You need to re read my post. I said that 50% of income earners pay no income tax, I dod not say they do not pay any tax at all.


----------



## Protocol (15 Apr 2015)

New OECD data on income tax paid across countries:

http://www.oecd.org/tax/oecd-tax-burdens-on-wages-rising-without-tax-rate-increases.htm

http://www.oecd.org/tax/taxing-wages-20725124.htm

The "tax wedge" on an average single worker ranges from 10-55% across the OECD.

The average is 36% of labour cost.

Irl, as expected, is below average, at just over 30%.


----------



## Purple (15 Apr 2015)

Protocol said:


> New OECD data on income tax paid across countries:
> 
> http://www.oecd.org/tax/oecd-tax-burdens-on-wages-rising-without-tax-rate-increases.htm
> 
> ...


As long as we have such an unbalanced system where a small proportion of earners pay the lions share of income taxes our average will be below the OECD average.


----------



## Protocol (15 Apr 2015)

Purple,
what you say is correct.

Also note from the OECD data that it's employers PRSI that is particularly low in Ireland.


----------



## Purple (15 Apr 2015)

Protocol said:


> Also note from the OECD data that it's employers PRSI that is particularly low in Ireland.

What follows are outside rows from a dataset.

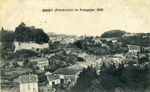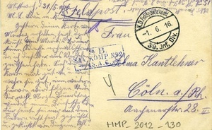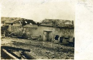 Karte im Querformat. Auf der Vorderseite: Zerstörtes Haus, am Rande ist eine kleine Notiz zu sehen mit der Aufschrift: "Bourbon-Ferme". Auf der Rückseite: Adressat: "Frau Selma Kantlehner Köln am Rhein Aachenerstraße 28 II", Poststempel vom 1. Juni 1916. Der Text lautet: "Mittwoch,d. 31.5.1916/ M.L. Frau m. Kindern!/ Gestern deine Karte von/ Monat erhalten, herzl. Dank/ Kannst mir Maria’s Bruder/ seine Adresse nochmals schicken/ da ich dieselbe aus Versehen/ rerissen habe. Sieh’ dir diese/ Karte mal gut an u. ver-/wahre sie gut, eine weitere/ hiervon wird folgen. Werde/ dir wohl Morgen Donnerstag/ wieder ein Brief schreiben./ Für heute sei mit mit den/ Kindern recht herzl. gegrüßt/ u. geküßt von dingem "Ohl"!"
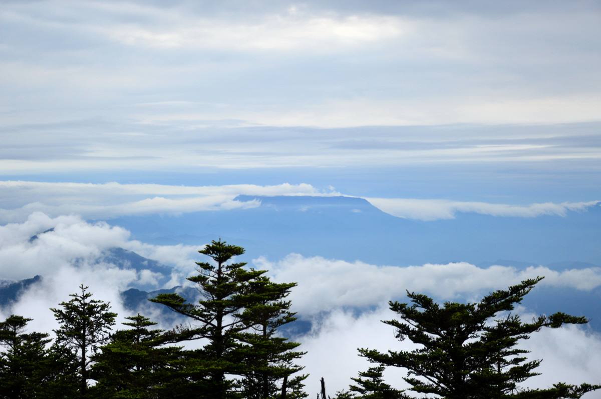 峨眉山山区云雾多,日照少,雨量充沛。平原部分属亚热带湿润季风气候,一月平均气温约6.9度,七月平均气温26.1度;因峨眉山海拔较高而坡度较大,气候带垂直分布明显,海拔1500米~2100米属暖温带气候;海拔2100米~2500米属中温带气候;海拔2500米以上属亚寒带气候。海拔2000米以上地区,约有半年为冰雪覆盖,时间为10月到次年4月。
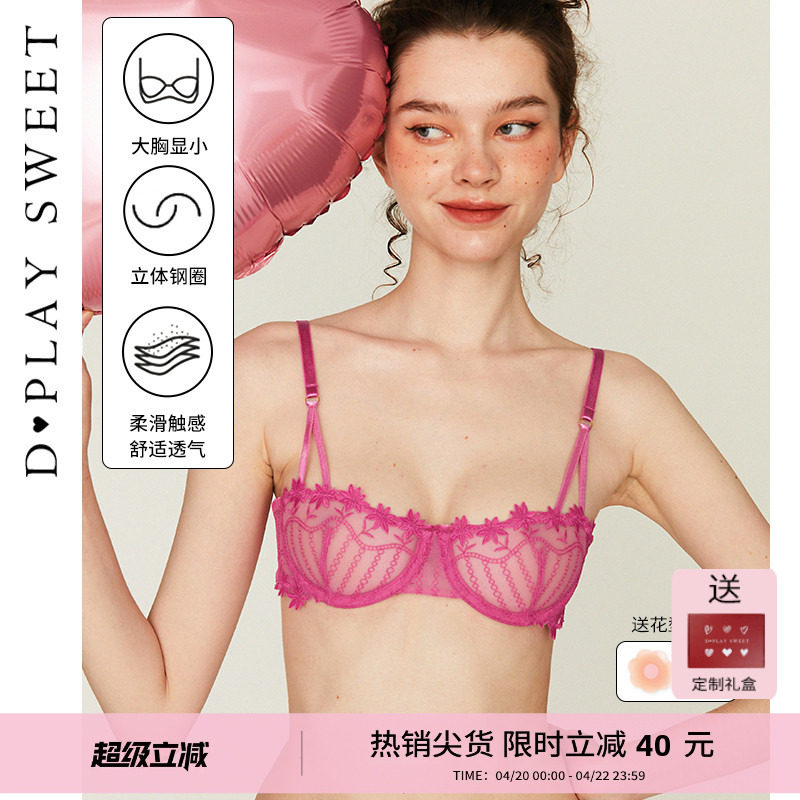 DPLAYSWEET法式玫粉刺绣网纱性感超薄聚拢大胸显小内衣文胸套装女
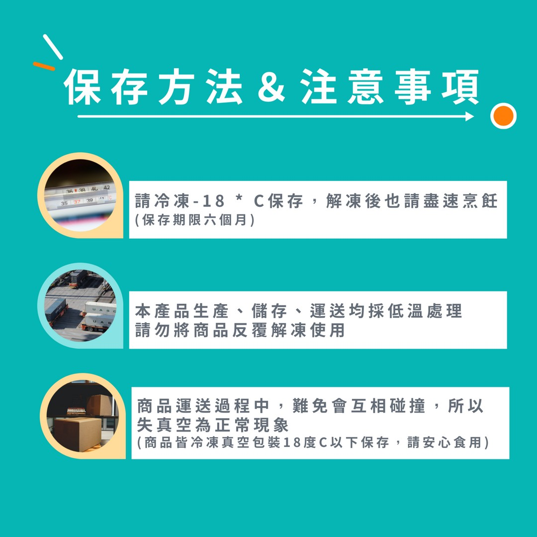 保存方式:請冷凍-18 * C保存解凍後請盡速烹飪 (保存期限六個月)
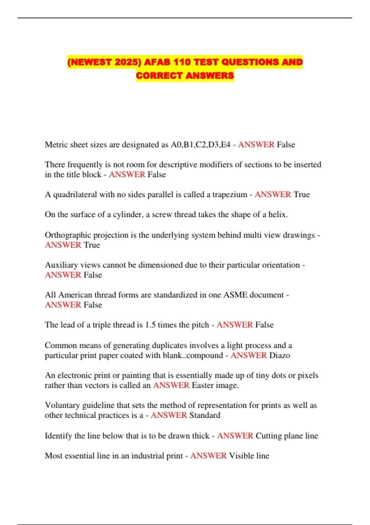 (NEWEST 2025) AFAB 110 TEST QUESTIONS AND
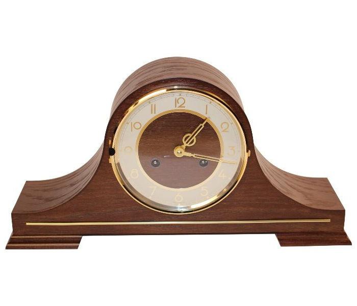 • Klok 21092-420150 is een tafelklok met een donker eikenhouten kast met een messing strip en rand rond het gebolde mineraalglas voor de wijzerplaat.
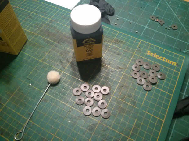 Finalmente utilicé algún tinte de cuero negro Fiebings para oscurecer la mitad de las piezas. También decidí teñir el marcador sí mismo, pero esto no es un paso necesario.
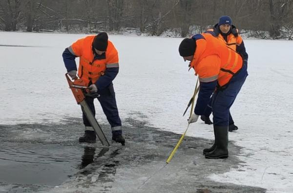 Прорубь размером 2,5 на 4 метра вырезали во льду реки Воронеж бензопилой. Майна расположилась примерно том же месте, что и в прошлом году.

I agree but employers PRSI used to cover the cost of redundancy but now the employer gets nothing for it so it's no longer social insurance, just an employment tax. It could also be viewed as income tax which is deducted before employees are paid as it is a slice from the available funds that are used to pay employees.

Do you know if there is a cap on payments in other countries, as there used to be here for employee PRSI?


----------



## Protocol (15 Apr 2015)

Yes, it many countries they are income ceiling for social insurance.

Here is the German rates:

18.7% pension, split 50/50 between ee and er, up to 72,600

14.6% health ins, split 50/50 up to 49,500

3% UI, split 50/50

2.35% long-term care insurance up to 49,500

So we are now at 38.65% of wages, split 50/50

The employer pays an extra 1.25% accident insurance.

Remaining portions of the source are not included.